◆ WORK INSTRUCTION:
For the listing that follows, give again exactly the lines from the one with "Букет из кустовых" to the one with "koncert najpiękniejszych polskich", including both.

◆ SUPPLIED MATERIAL:

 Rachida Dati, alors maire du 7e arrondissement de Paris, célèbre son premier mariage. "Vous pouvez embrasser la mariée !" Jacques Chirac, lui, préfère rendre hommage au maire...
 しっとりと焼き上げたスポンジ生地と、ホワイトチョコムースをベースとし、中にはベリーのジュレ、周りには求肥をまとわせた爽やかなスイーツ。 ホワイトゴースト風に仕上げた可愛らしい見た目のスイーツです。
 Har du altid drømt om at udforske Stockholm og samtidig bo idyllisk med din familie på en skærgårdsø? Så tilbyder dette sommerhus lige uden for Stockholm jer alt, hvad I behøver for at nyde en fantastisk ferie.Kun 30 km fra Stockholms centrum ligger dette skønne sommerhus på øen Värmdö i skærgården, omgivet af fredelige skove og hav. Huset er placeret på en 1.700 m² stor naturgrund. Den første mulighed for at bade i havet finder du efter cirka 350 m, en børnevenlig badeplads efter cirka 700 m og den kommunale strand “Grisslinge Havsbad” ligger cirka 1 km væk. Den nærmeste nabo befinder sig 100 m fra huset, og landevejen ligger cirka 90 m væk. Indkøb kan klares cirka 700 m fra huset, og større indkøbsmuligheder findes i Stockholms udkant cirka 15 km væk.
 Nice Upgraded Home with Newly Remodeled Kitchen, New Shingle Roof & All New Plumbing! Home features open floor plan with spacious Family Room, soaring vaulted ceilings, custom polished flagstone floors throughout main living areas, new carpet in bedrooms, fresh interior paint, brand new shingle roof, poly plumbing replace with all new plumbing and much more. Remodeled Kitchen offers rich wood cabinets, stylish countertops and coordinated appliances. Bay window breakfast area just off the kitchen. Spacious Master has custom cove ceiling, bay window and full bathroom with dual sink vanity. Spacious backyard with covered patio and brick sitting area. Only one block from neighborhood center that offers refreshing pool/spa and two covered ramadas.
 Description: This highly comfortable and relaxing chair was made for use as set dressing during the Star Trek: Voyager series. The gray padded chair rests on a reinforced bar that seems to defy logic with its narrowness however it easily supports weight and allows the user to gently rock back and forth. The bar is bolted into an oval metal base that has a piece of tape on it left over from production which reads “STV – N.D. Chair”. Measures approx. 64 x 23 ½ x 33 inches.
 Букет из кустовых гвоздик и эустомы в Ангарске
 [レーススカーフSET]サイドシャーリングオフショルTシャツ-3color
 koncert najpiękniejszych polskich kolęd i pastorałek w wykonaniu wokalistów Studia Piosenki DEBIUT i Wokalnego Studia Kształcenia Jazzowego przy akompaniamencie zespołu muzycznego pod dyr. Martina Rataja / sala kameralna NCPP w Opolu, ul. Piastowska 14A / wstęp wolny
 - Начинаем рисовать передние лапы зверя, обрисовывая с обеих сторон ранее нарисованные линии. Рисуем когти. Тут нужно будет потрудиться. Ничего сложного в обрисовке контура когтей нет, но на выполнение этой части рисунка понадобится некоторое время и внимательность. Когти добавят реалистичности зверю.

◆ WRITTEN ANSWER:
 Букет из кустовых гвоздик и эустомы в Ангарске
 [レーススカーフSET]サイドシャーリングオフショルTシャツ-3color
 koncert najpiękniejszych polskich kolęd i pastorałek w wykonaniu wokalistów Studia Piosenki DEBIUT i Wokalnego Studia Kształcenia Jazzowego przy akompaniamencie zespołu muzycznego pod dyr. Martina Rataja / sala kameralna NCPP w Opolu, ul. Piastowska 14A / wstęp wolny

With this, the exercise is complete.